Rental services. For purposes of the safe harbor, rental services include the following activities.

  • Advertising to rent or lease the real estate,
  • Negotiating and executing leases,
  • Verifying information contained in prospective tenant applications,
  • Collection of rent,
  • Daily operation, maintenance, and repair of the property,
  • Management of the real estate,
  • Purchase of materials, and
  • Supervision of employees and independent contractors.

Rental services may be performed by owners or by employees, agents, and/or independent contractors of the owners.

The term rental services does not include financial or investment management activities, such as arranging financing, procuring property, studying and reviewing financial statements or reports on operations, planning, managing, or constructing long-term capital improvements, or hours spent traveling to and from the real estate.

Example: Jill owns a condo that she rents out during 2023 and she does not use a management company. She receives rent deposits directly from the tenant during the year. In May, she made arrangements for repairs to be completed at the condo.
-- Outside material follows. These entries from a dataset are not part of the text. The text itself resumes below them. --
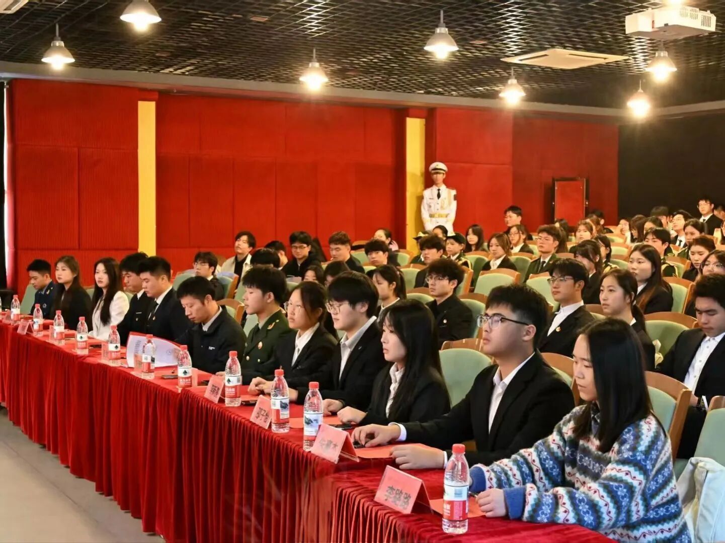 出席本次大会的领导嘉宾有安全管理处副处长、国防教育教研室主任、指导老师张余宝,以及国旗护卫队和国防连全体成员,本次会议由陈梦玲主持。
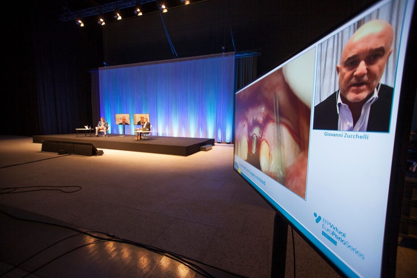 Animée par le professeur Phoebus Madianos, président du comité EuroPerio10, le professeur David Herrera, président scientifique d'EuroPerio10, et le professeur Nicola West, trésorier d'EuroPerio10 et secrétaire général de l'EFP, la première session de la série EuroPerio a été diffusée en direct du Bella Center de Copenhague, où se déroulera EuroPerio10. Pendant 5 heures, six éminents experts ont présenté et discuté de cas cliniques portant sur la chirurgie mucogingivale autour des dents et des implants sous le titre « Chirurgie mucogingivale - d'Amsterdam à Copenhague ». À l'aide d'un outil de sondage interactif, le public a eu la possibilité de voter pour les options de traitements possibles après que chaque orateur ait exposé les problèmes spécifiques du cas en question. Chaque cas a ensuite été discuté en profondeur par le panel, après quoi l'orateur a rejoint le débat pour expliquer son approche thérapeutique réelle.
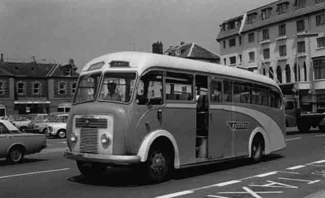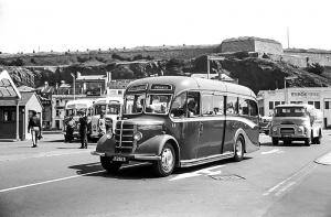 Driver Rene Gosselin with his Bedford OB Maple Leaf Tours coach at Greve de Lecq in the 1950s. Maple Leaf operated from 1954 to 1960, when their fleet was acquired by Len's Tours
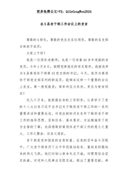 【七哥公文】2025年:在X县老干部工作会议上的发言+更多免费公文+VX:QiGeGongWen2024+更多免费公文+VX:QiGeGongWen2024
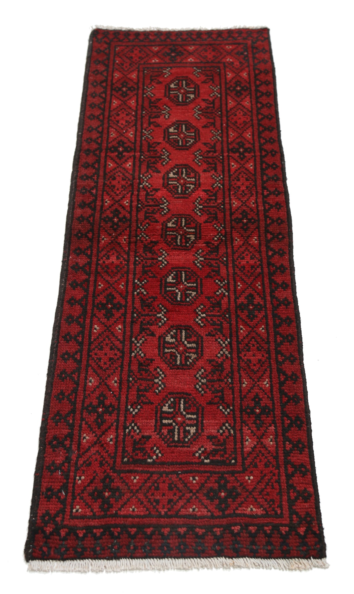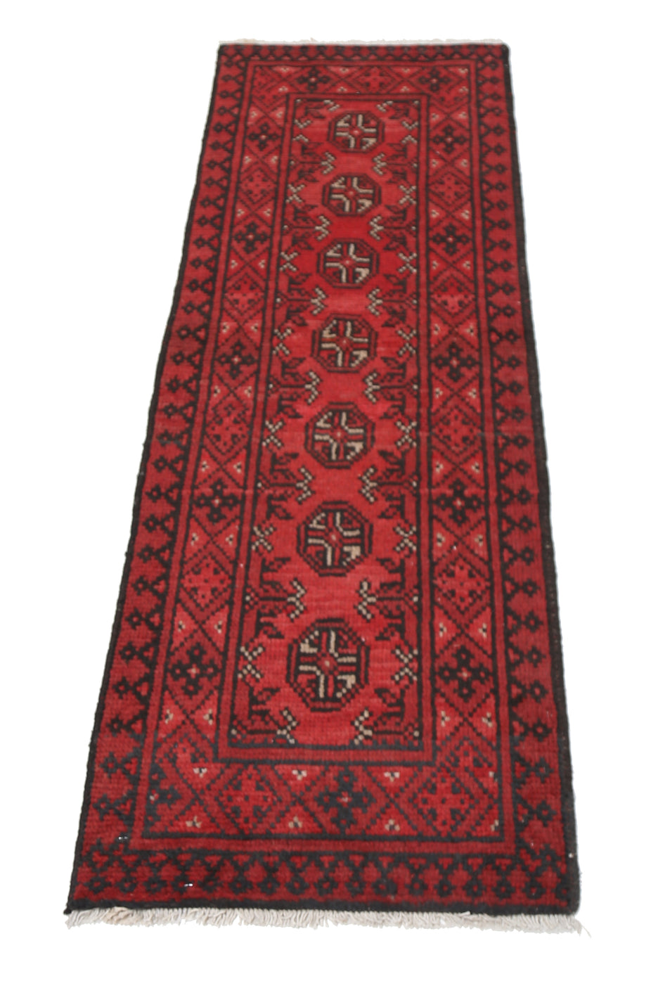 Hand-Knotted Afghan Tribal Geometric Wool Rug - 1'10" x 4'1"
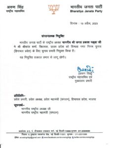 # भारतीय जनता पार्टी के राष्ट्रीय अध्यक्ष जगत प्रकाश नड्डा ने श्रीकांत शर्मा विधायक, उत्तर प्रदेश ,को शिमला नगर निगम चुनाव के लिए चुनाव प्रभारी किया नियुक्त|
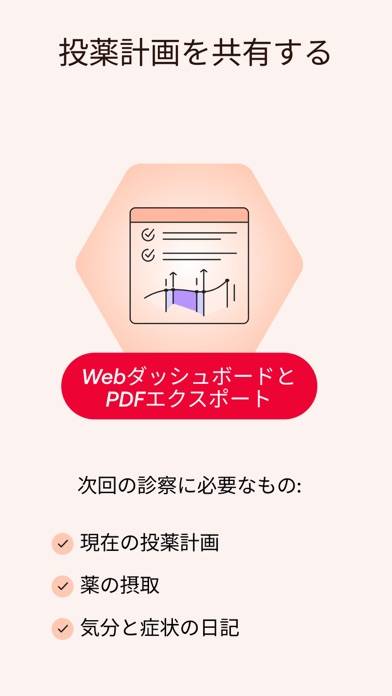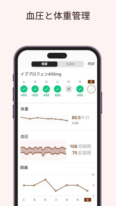 また、本アプリでは、体重や血圧などの健康状態を記録し、状況を視覚的に把握できる機能も。これらの情報をもとにヘルスレポートを作成し、医師や薬剤師と共有することも可能です。
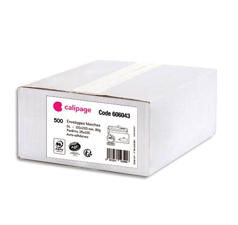 Boite 500 Enveloppes Nf Auto-Adhésive Blanc 80G, Format Dl 110X220, Fen 35X100
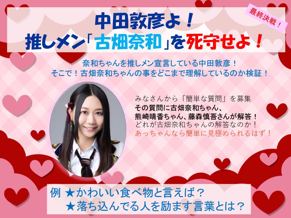 古畑さんを推しメン宣言している中田敦彦。そこで、古畑さんの事をどこまで理解しているのか検証します!"簡単な質問"を大募集!https://t.co/MhcngwK7D2 #SKE48 #古畑奈和 #nhkらじらー
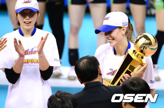 경기 종료 후 IBK기업은행 알레시아가 우승 트로피를 전달받고 있다. /sunday@osen.co.kr

She had no other contact with the tenant and did not visit the property during the year. In this scenario, Jill’s rental real estate enterprise probably does not rise to the level of a trade or business under the safe harbor because it is unlikely she spent 250 hours performing rental services. She would not be entitled to claim the QBID for her rental income under the safe harbor.

Excluded rental real estate arrangements. The safe harbor does not apply to the following rental real estate arrangements.

  • Real estate used by you as a personal residence for any part of the year, including vacation homes.
  • Real estate rented or leased under a triple net lease which requires the tenant to pay property taxes, insurance, and maintenance in addition to rent.
  • Real estate rented to a trade or business conducted by you (including a partnership or S corporation) which is commonly controlled.
  • Any rental real estate enterprise treated as a specified service trade or business (SSTB).

SSTB. An SSTB includes the fields of health, law, accounting, actuarial science, performing arts, consulting, athletics, financial or brokerage services, or receiving income for endorsing products or services, using your image, likeness, name, signature, voice, trademark, or public appearances.

Trade or Business

If your rental real estate enterprise fails to satisfy the safe harbor requirements, it may still be treated as a trade or business for purposes of the QBID if the enterprise otherwise meets the definition of a trade or business under IRC section 162, other than the trade or business of performing services as an employee. Although a specific definition is not provided, the IRS has defined a trade or business to include any activity carried on for the production of income from selling goods or performing services. For example, you may be in a trade or business if you provide substantial services in conjunction with the property that are primarily for your tenant’s convenience (regular cleaning, changing linen, etc.) or if you are a real estate professional.